First, look in the code for gmiCmpHdr_t and noeRAPI_t. They're like classes, except they usually only define variables. A struct is like a window, which is placed over a part of memory and tells you what kinds of data are there. In java you would have to read the data a few bytes at a time and interpret it manually, then use getters and setters to build your object. Using a struct, you direct it at a part of memory and all of the variables will be defined with whatever data is there.
Secondly, -> is used to access a class member. It's the same as using . in java.

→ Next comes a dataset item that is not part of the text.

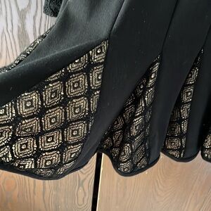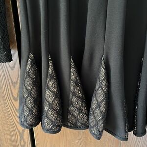 Catherine Malandrino black cocktail long sleeved dress. Size 2. The sleeves are see through lace Nd the bottom cream panels with black lace over them. It gives the dress flare.

Lastly, the code uses pointer math to scan through all the data. In java you would have to use a stream to read in bytes one by one, or at least use a ByteBuffer. I would definitely recommend studying how pointers work in C in order for all of this code to make sense.
Re: [PS2] Saint Seiya Sanctuary/Hades compression with LZ77
Posted: Sat Feb 11, 2012 2:10 am
by MrAdults
You're mistaken about Noesis not handling the files with multiple images. It loads them all. You just have to select textures in the data viewer to see them.
Beyond that... I think the bitwise operations (which is where most of the complexity is) should translate right over to Java.
Re: [PS2] Saint Seiya Sanctuary/Hades compression with LZ77
Posted: Wed Feb 15, 2012 2:55 am
by gustavofarias
It's extremely simple, about as standard-fare as you can get with LZ77-based algorithms (8-bit flag with 16-bit offset+length pairs for non-literals)
What is the "flag" in LZ77? How long is a literal and the Window? How a NULL offset+length is represented? How do I identify if the next byte is an offset+length pair or a literal?
Could you use the attachment below to show me an example of the
flag,
offset+length pair and
literal?
Re: [PS2] Saint Seiya Sanctuary/Hades compression with LZ77
Posted: Sun Feb 26, 2012 12:20 am
by gustavofarias
I did my homework and studied the algorithm. Please correct me if I'm wrong. The 8 bit flag tells which of the next 8 bytes/words are literals and which are off+length pairs.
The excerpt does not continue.